There are a number of problems associated with performing cell cycle experiments in tissue culture cells. The effects of introducing mutant proteins, or overexpressing wild-type proteins, by transient transfection have to be interpreted in a heterogeneous population of cells at fixed points after transfection. Therefore, judging how a particular procedure has affected the cell cycle of any one cell is mostly a matter of informed guesswork. Furthermore, it is difficult to introduce a protein by transfection into cells at a precise stage in the cycle, and, most importantly, progress through the cell cycle, is often affected by the transfection procedure itself (Winters et al. 1998). In an effort to overcome these problems, we have begun to analyze the cell cycle by time-lapse fluorescence microscopy (Hagting et al. 1998). This allows us to follow individual cells through an entire cell cycle. We have combined this with microinjection into synchronized cells to introduce cell cycle regulators at defined points in the cell cycle. Furthermore, we introduce regulators in the form of fusion proteins with a modified form of green fluorescent protein (MmGFP) (Zernicka-Goetz et al. 1996, Zernicka-Goetz et al. 1997). This allows us to follow the subcellular localization of specific proteins in real time and gives us a dynamic view of their behavior when the cell enters mitosis. Using this experimental regime, we find that Cdc25B is a rate-limiting component of mitosis whose overexpression will overcome the unreplicated DNA checkpoint. In contrast, Cdc25C does not accelerate cells into mitosis unless it is coexpressed with cyclin B1, and even this combination does not override the S phase checkpoint. We confirm that there is a marked difference in subcellular localization between Cdc25B and Cdc25C and show that the cytoplasmic localization of Cdc25B is regulated by nuclear export that is dependent on cyclin B1.

Materials and Methods

Cell Culture

HeLa cells were grown in DME supplemented with 5% newborn calf serum, 5% FCS, and antibiotics. HeLa cells were synchronized using a thymidine-aphidicolin protocol (Pines and Hunter 1989). Cells were cultured on the microscope stage in a CO2-independent medium without phenol red (GIBCO BRL). The medium was overlaid with mineral oil (Sigma Chemical Co.) to prevent evaporation. Hydroxyurea was used at a final concentration of 2.5 mM and was added immediately after release from the aphidicolin block.
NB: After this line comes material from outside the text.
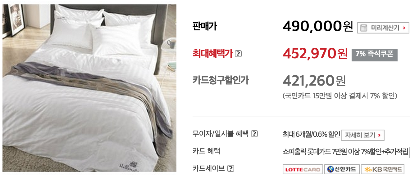 롯데호텔, 신라호텔 등에 납품되고 있는 최고급 이불이라고 해요..
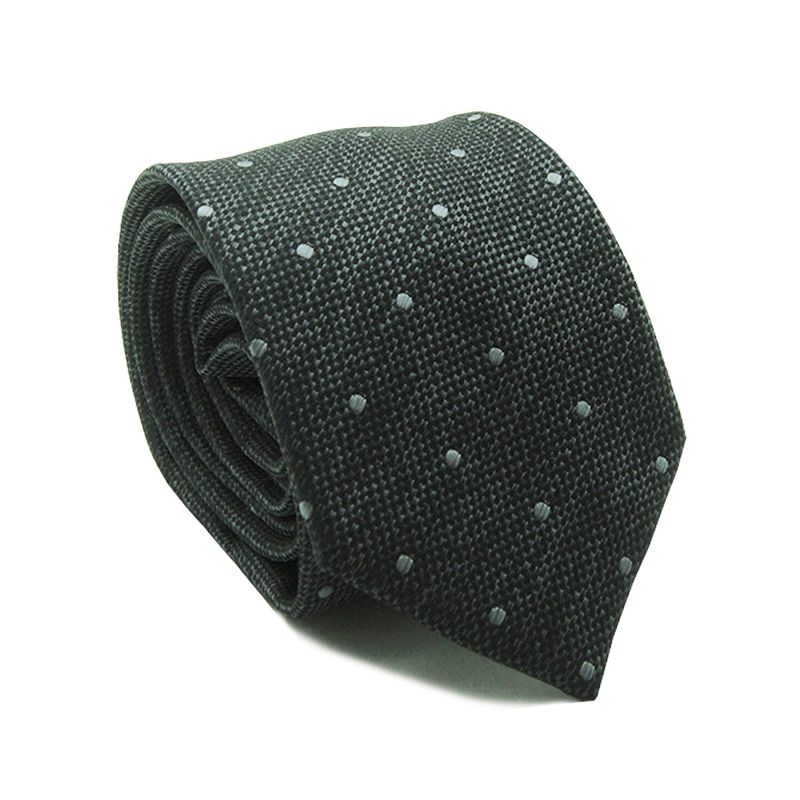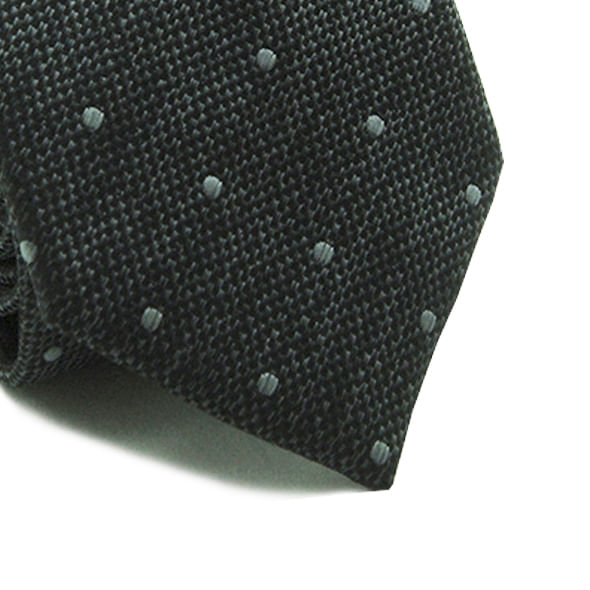 GRAVATA JACQUARD POLIÉSTER CLASSIC PRETO QUADRICULADO COM BOLINHA CINZA 7 CM

Plasmid Constructs and Protein Purification

The cyclin B1-MmGFP, cdc25C(S216G), and Wee1 constructs have been previously described (Hagting et al. 1998). Cyclin B1R42A-MmGFP was the gift of Paul Clute (Wellcome/CRC Institute). Cdc25B3 and Cdc25C were tagged at the amino terminus with MmGFP (Zernicka-Goetz et al. 1996, Zernicka-Goetz et al. 1997) by PCR using Taq polymerase and cloned into the pCMX vector (Umesono et al. 1991). The stop codon of GFP was mutated to a Hind III site to link it with the first amino acid of Cdc25B or Cdc25C creating a 3–amino acid linker (Gly-Ile-Pro). Myc-tagged cdc25B2 (Lammer et al. 1998) was cloned into the pCDNA3 vector for expression in HeLa cells. All constructs were sequenced using an Applied Biosystems DNA sequencer. Cyclin B1–cdc2K33R complexes were expressed in and purified from baculovirus-infected cells as described (Hagting et al. 1998). Cyclin B1F146A was expressed in Escherichia coli and purified as described (Hagting et al. 1999).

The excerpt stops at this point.